**TASK REQUIREMENTS**
If a line below falls between the line with "总店地址在海甸岛人民西里17" and the line with "For the past", or is one of those two, output it exactly; output nothing else and no pictures.

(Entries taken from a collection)
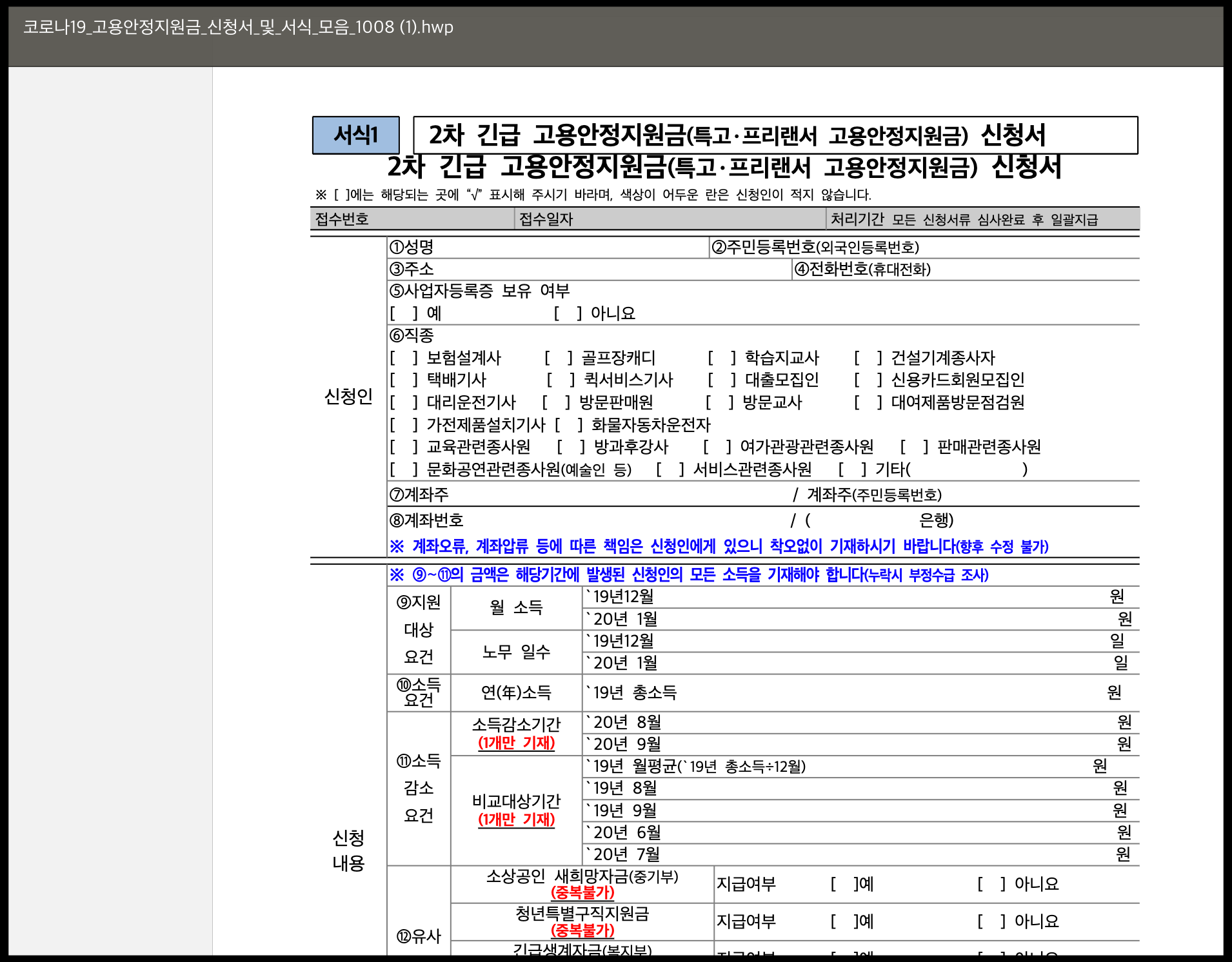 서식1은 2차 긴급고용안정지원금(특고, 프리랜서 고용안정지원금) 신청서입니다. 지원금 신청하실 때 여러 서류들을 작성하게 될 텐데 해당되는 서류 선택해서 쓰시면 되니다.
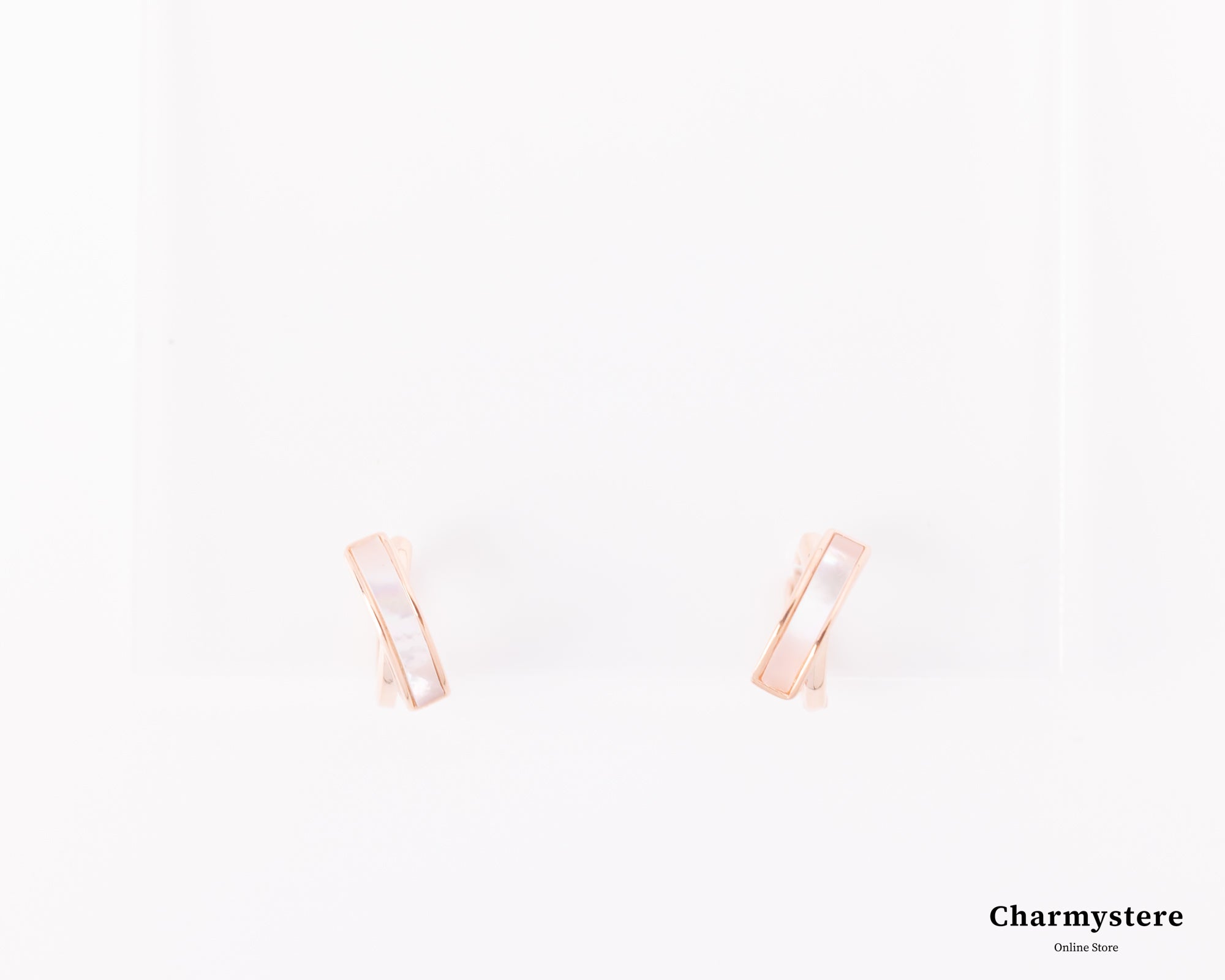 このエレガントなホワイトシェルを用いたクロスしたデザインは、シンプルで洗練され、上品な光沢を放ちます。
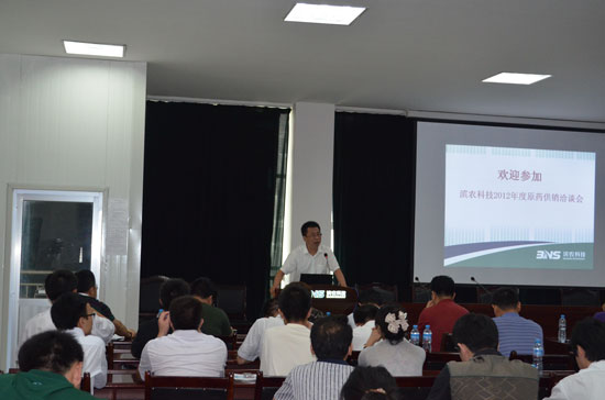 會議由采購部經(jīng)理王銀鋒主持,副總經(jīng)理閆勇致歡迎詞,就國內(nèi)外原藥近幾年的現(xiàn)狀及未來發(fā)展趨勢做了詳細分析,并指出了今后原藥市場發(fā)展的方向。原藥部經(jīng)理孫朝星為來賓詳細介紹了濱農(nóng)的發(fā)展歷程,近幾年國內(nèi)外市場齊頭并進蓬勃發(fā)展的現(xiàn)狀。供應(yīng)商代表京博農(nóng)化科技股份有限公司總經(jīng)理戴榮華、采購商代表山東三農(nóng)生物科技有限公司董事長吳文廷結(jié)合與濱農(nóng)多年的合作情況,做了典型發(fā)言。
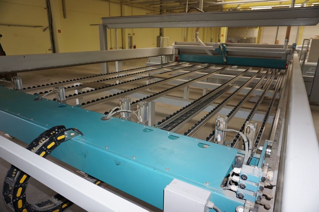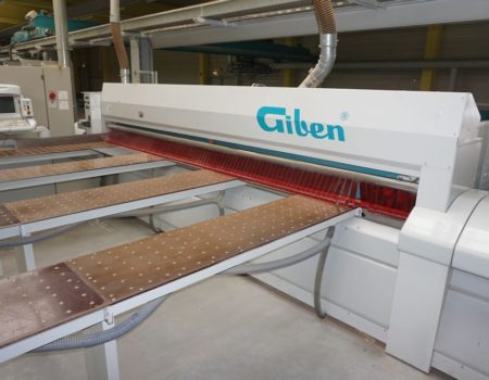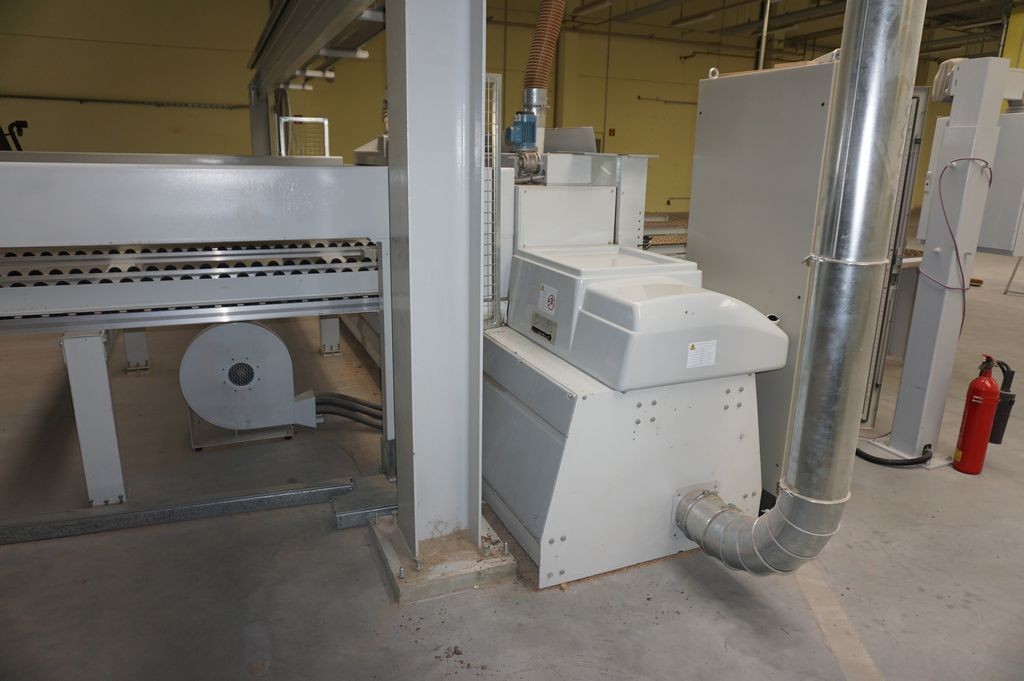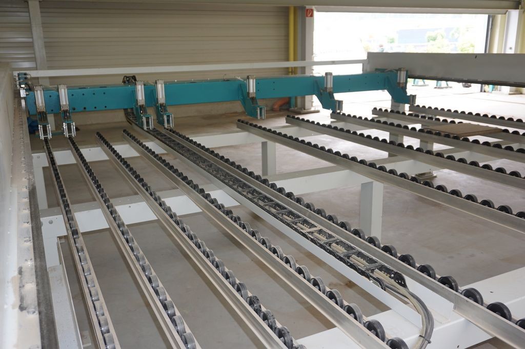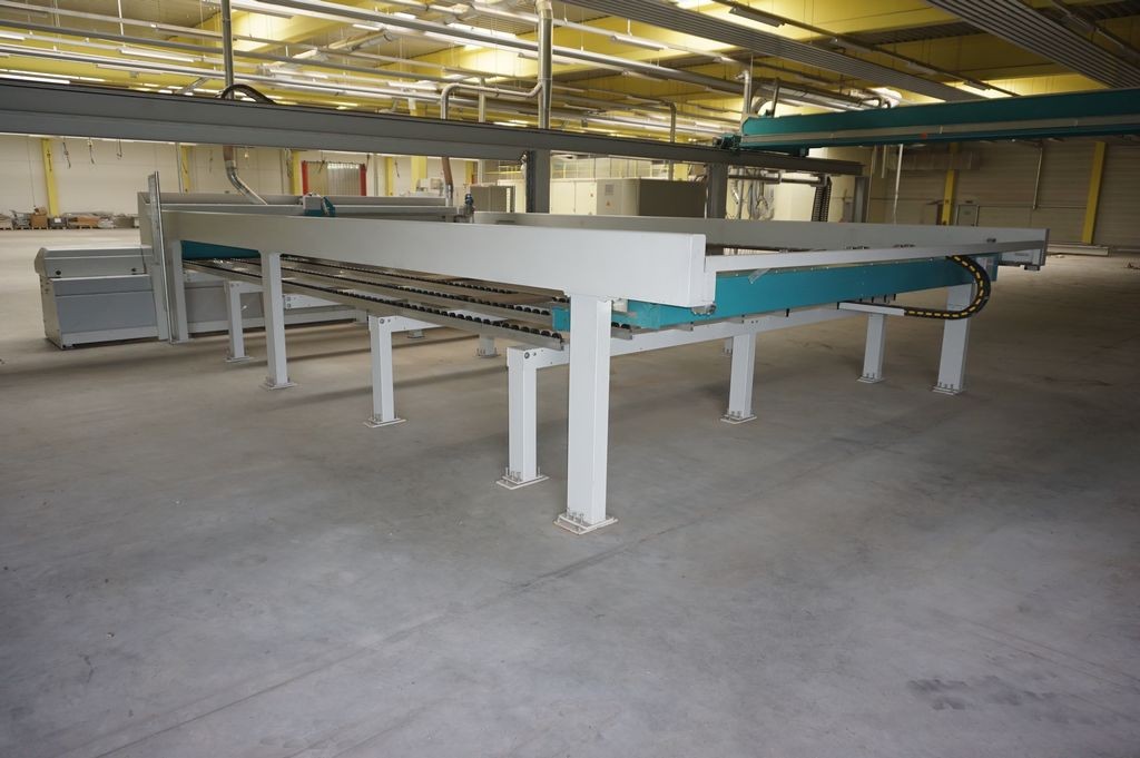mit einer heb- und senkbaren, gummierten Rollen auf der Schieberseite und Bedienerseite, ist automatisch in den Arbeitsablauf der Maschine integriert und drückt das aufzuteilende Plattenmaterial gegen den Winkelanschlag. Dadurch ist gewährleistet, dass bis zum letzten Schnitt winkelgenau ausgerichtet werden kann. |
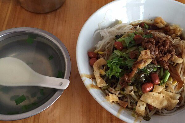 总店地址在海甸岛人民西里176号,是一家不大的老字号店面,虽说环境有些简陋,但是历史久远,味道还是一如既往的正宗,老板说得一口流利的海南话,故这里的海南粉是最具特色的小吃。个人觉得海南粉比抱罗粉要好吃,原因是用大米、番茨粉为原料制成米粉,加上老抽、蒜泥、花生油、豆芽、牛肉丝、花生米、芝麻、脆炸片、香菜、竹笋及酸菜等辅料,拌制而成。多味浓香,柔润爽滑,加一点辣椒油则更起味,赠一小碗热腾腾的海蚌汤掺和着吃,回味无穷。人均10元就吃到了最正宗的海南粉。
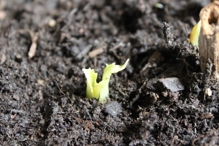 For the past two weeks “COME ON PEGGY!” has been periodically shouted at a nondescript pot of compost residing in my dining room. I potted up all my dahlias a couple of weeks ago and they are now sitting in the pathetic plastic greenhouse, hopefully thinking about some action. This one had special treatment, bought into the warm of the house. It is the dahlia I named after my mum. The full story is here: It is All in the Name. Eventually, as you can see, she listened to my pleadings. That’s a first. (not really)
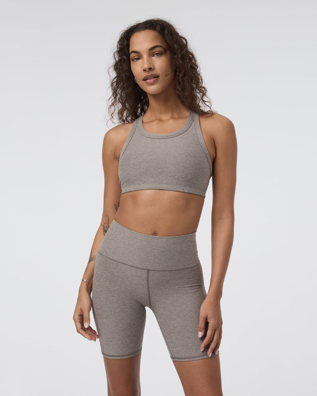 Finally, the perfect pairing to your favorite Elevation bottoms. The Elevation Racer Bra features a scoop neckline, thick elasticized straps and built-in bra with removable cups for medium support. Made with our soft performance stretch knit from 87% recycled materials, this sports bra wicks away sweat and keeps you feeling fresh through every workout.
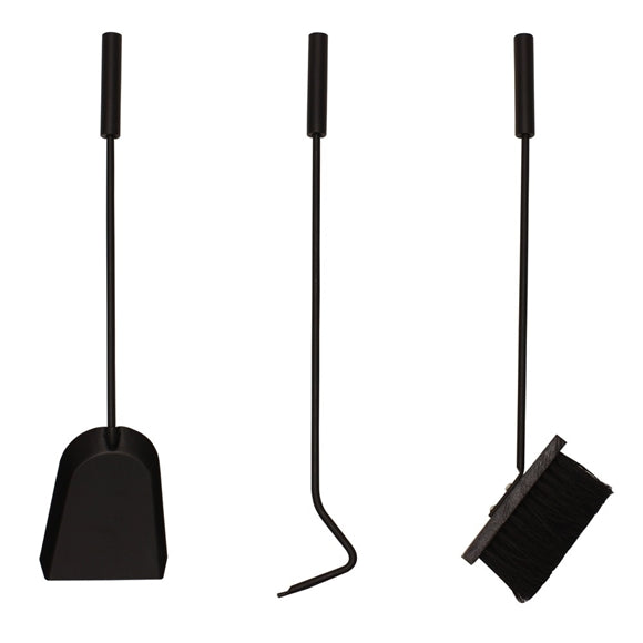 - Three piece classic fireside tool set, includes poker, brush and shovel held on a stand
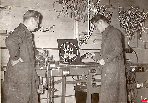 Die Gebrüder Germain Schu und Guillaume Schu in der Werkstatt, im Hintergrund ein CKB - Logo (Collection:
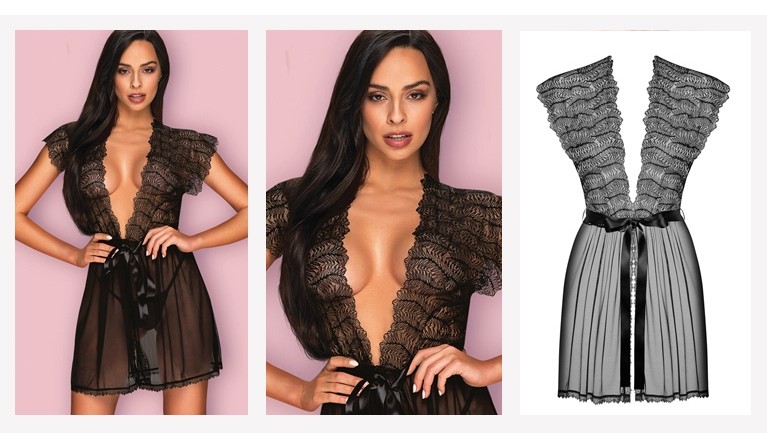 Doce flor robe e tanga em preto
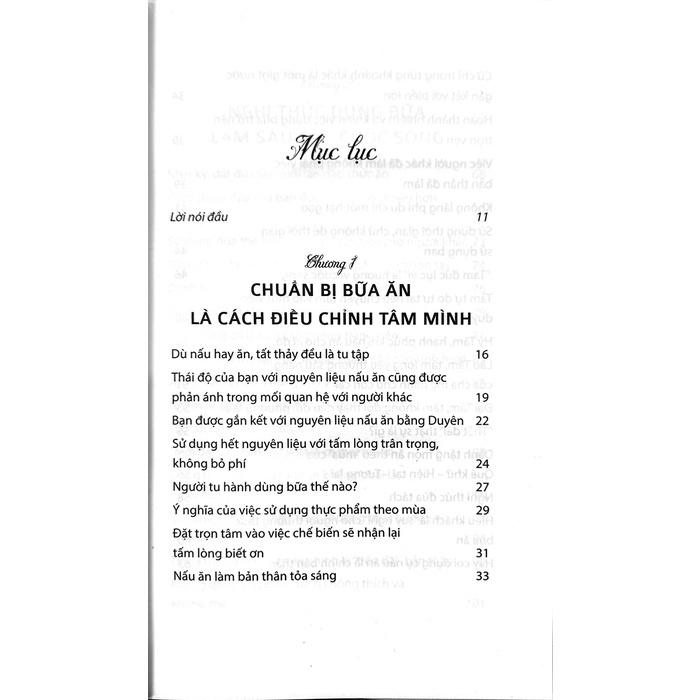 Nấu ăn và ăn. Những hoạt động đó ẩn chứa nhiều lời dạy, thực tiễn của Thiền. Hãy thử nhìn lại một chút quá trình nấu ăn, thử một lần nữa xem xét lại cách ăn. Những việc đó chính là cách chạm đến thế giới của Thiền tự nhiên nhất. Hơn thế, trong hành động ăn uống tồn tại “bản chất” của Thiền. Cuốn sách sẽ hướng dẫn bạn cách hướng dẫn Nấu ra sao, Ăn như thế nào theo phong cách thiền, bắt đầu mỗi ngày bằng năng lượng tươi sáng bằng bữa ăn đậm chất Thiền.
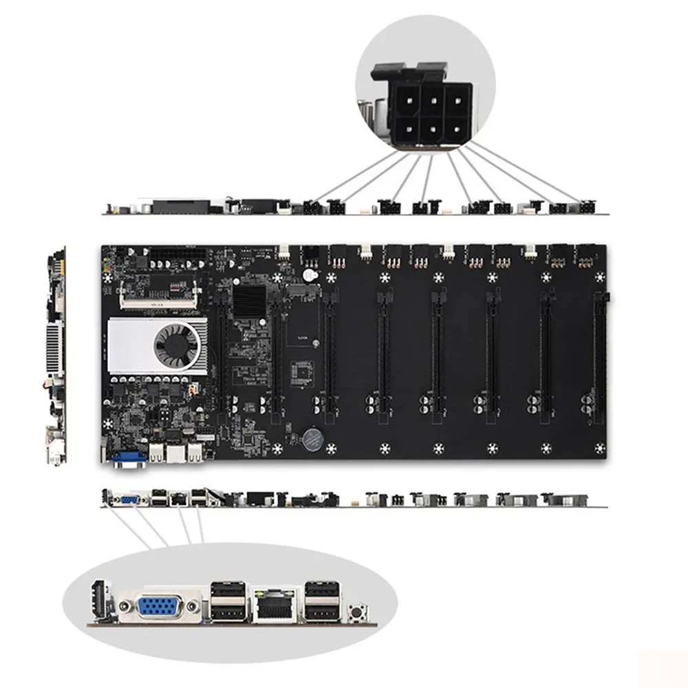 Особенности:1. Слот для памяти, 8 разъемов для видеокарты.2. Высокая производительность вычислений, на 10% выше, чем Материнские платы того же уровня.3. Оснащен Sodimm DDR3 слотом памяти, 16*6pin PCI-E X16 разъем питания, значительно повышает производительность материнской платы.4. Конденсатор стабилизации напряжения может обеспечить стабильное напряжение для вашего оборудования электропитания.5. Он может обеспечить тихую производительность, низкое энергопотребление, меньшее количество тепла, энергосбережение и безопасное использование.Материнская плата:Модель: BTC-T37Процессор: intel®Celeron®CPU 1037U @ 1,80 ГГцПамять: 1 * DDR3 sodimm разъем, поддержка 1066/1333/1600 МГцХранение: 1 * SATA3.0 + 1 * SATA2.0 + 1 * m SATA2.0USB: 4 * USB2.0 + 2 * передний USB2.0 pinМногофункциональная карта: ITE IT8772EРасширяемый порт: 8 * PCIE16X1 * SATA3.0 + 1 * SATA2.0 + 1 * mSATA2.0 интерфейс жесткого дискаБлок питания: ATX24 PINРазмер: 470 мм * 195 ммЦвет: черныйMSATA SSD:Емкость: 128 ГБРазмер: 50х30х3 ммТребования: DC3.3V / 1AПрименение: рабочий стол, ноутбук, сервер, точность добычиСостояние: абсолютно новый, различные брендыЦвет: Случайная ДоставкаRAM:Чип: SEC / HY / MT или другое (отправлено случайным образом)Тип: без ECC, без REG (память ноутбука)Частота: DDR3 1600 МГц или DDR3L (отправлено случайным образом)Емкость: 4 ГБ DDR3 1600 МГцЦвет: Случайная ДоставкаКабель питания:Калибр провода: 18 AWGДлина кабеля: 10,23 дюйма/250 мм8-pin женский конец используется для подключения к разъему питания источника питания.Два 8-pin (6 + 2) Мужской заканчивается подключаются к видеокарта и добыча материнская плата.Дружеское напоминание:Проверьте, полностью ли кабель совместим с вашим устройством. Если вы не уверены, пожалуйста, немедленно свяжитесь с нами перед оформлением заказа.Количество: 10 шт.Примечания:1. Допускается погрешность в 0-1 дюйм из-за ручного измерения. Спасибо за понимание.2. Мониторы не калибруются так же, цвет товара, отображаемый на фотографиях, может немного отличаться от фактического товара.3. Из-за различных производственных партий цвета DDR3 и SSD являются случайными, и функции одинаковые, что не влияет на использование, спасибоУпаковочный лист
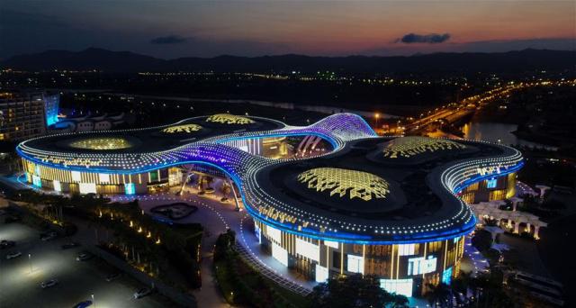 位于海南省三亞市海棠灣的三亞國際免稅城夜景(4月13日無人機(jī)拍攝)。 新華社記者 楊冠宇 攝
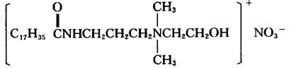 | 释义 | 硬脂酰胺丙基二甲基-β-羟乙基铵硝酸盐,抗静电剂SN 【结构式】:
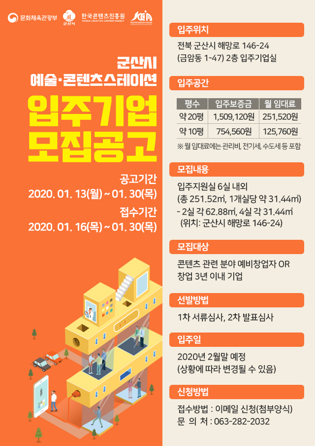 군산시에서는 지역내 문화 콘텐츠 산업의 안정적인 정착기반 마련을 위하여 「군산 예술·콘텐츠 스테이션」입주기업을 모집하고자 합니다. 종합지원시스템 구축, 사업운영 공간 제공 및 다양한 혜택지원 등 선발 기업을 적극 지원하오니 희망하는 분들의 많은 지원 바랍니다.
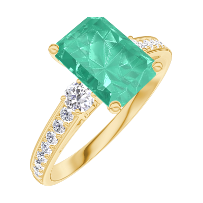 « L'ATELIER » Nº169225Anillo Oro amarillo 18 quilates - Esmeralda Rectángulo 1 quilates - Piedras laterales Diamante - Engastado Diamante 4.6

**EXERCISE RESPONSE**
 总店地址在海甸岛人民西里176号,是一家不大的老字号店面,虽说环境有些简陋,但是历史久远,味道还是一如既往的正宗,老板说得一口流利的海南话,故这里的海南粉是最具特色的小吃。个人觉得海南粉比抱罗粉要好吃,原因是用大米、番茨粉为原料制成米粉,加上老抽、蒜泥、花生油、豆芽、牛肉丝、花生米、芝麻、脆炸片、香菜、竹笋及酸菜等辅料,拌制而成。多味浓香,柔润爽滑,加一点辣椒油则更起味,赠一小碗热腾腾的海蚌汤掺和着吃,回味无穷。人均10元就吃到了最正宗的海南粉。
 For the past two weeks “COME ON PEGGY!” has been periodically shouted at a nondescript pot of compost residing in my dining room. I potted up all my dahlias a couple of weeks ago and they are now sitting in the pathetic plastic greenhouse, hopefully thinking about some action. This one had special treatment, bought into the warm of the house. It is the dahlia I named after my mum. The full story is here: It is All in the Name. Eventually, as you can see, she listened to my pleadings. That’s a first. (not really)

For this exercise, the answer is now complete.